Their relief at being rescued quickly gave way to surprise.
The four men said they had hoped to reach Europe and were shocked to learn they had arrived in Brazil. Two of the men were sent back to Nigeria at their request, while Yeye and Roman Ebimene Friday, 35, from Bayelsa state, have applied for asylum in Brazil.
Both men said economic hardship, political instability and crime had left them with no choice but to leave their native Nigeria, Africa’s most populous country, which is notorious for its longstanding problems with violence and poverty.
Yeye, a pastor from Lagos state, said his palm oil and peanut farms were destroyed by floods this year, leaving him and his family homeless. He hopes to rebuild with his family in Brazil.
Roman Ebimene Friday said his journey to Brazil began on June 27, when a fisherman friend put him on the stern of the Liberian-flagged Ken Wave, docked in Lagos, and left him at the helm.

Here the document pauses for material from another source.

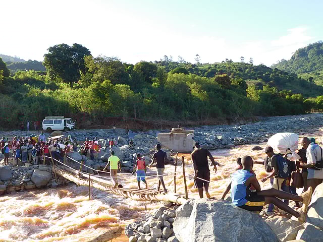 After bridges were washed away during Cyclone Idai, villagers of Chimanimani district use a makeshift structure to cross the river.  Author provided
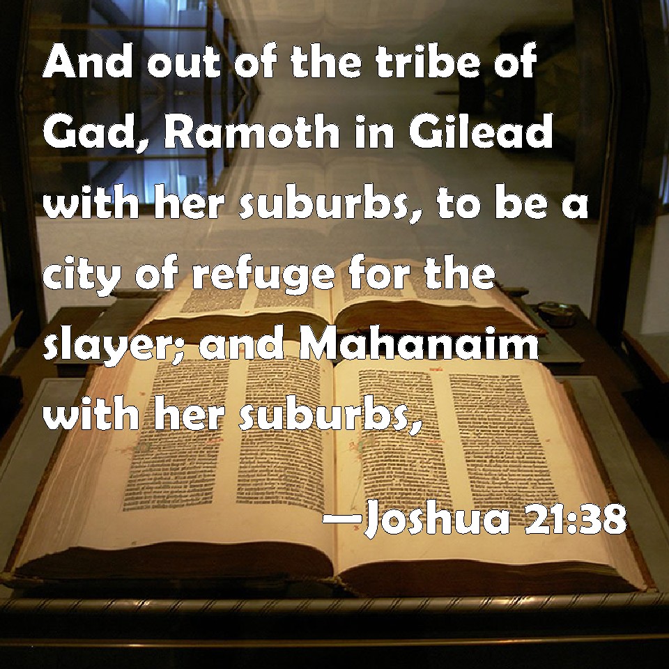 Choose a Background Joshua 21:38 And out of the tribe of Gad, Ramoth in Gilead with her suburbs, to be a city of refuge for the slayer; and Mahanaim with her suburbs, KJV: And out of the tribe of Gad, Ramoth in Gilead with her suburbs, to be a city of refuge for the slayer; and Mahanaim with her suburbs, DRB: Of the tribe of Gad, Ramoth in Galaad, one of the cities of refuge, and Manaim DBT: and out of the tribe of Gad, the city of refuge for the slayer, Ramoth in Gilead and its suburbs; and Mahanaim and its suburbs, ERV: And out of the tribe of Gad, Ramoth in Gilead with her suburbs, the city of refuge for the manslayer, and Mahanaim with her suburbs; WBT: And out of the tribe of Gad, Ramoth in Gilead with its suburbs to be a city of refuge for the slayer; and Mahanaim with its suburbs, WEB: Out of the tribe of Gad, Ramoth in Gilead with its suburbs, the city of refuge for the manslayer, and Mahanaim with its suburbs, YLT: And out of the tribe of Gad, the city of refuge for the man-slayer, Ramoth in Gilead and its suburbs, and Mahanaim and its suburbs,Links Joshua 21:38 NIV • Joshua 21:38 NLT • Joshua 21:38 ESV • Joshua 21:38 NASB • Joshua 21:38 KJV • Joshua 21:38 Interlinear • Joshua 21:38 Commentaries • Joshua 21:38 Parallel Texts • Joshua 21:38 Bible Apps • Joshua 21:38 Parallel • Bible Hub |

He was surprised to find three men already there, waiting for the ship to depart. Friday said he was scared. He had never met his new shipmates before and feared they might throw him overboard at any moment.
As the ship moved, Friday said the four men tried their best to stay unnoticed by the ship's crew. "Maybe if they caught you, they would throw you into the water," he said. "So we told ourselves never to make any noise."
To avoid falling into the water, Friday said the men had strung a net around the rudder and tied themselves to it with a rope. When he looked down, he said he could see “big fish like whales and sharks.” Given the cramped conditions and the noise of the engines, sleep was a luxury and a danger. “I’m glad we were rescued,” he said.
Father Paolo Parise, a priest at the Sao Paulo shelter, said he had encountered other cases of stowaways, but never one as dangerous as this.